Bus service in Issaquah is provided by King County Metro as well as regional Sound Transit routes to Seattle and Bellevue. There are two primary park-and-rides in the city, at Issaquah Transit Center and Issaquah Highlands Park & Ride, which have a total of 1,999 parking spaces.

Since August 1995, the city and King County Metro provided a free circulator bus (route 200) between business districts and community centers in Issaquah as a form of traffic congestion relief.

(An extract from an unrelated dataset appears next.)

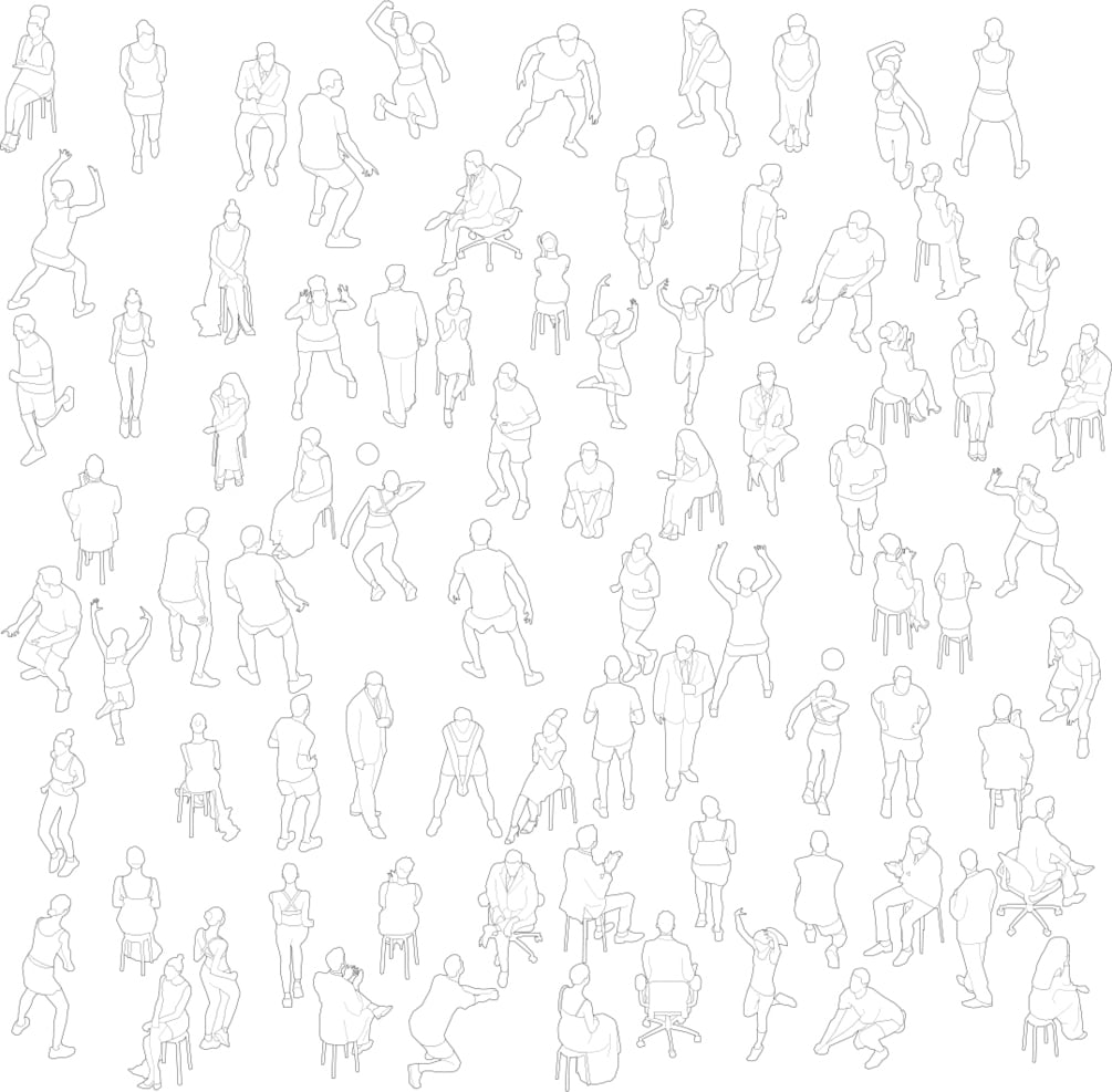 20 Human characters drawn in 4 different isometric positions and in 2 different graphic styles, making a total of 160 units. This volume contains sport, event, sit and office activities.

As part of the expansion of Sound Transit services, a Link light rail line to Issaquah from Bellevue is proposed to begin service by 2041.

Local attractions

Issaquah Alps
The Issaquah Alps are a range of highlands situated in close proximity to the city of Issaquah. This scenic region offers a variety of hiking trails and other outdoor activities, and is primarily composed of three distinct peaks: Tiger Mountain, Cougar Mountain, and Squak Mountain.

Issaquah Valley Trolley

The Issaquah Valley Trolley was a project initiated by the Issaquah Historical Society, which aimed to introduce a regular heritage trolley service on the remaining section of railroad track in downtown Issaquah. The society organized a trial operation in 2001-02, providing public rides in a trolley car borrowed from Yakima Valley Trolleys. While the Issaquah Historical Society had acquired three trolleys of its own by 2010, the planned service had not yet commenced due to two of the cars being narrow gauge and incompatible with the standard gauge rails left in Issaquah. Additionally, all three cars were not in operating condition.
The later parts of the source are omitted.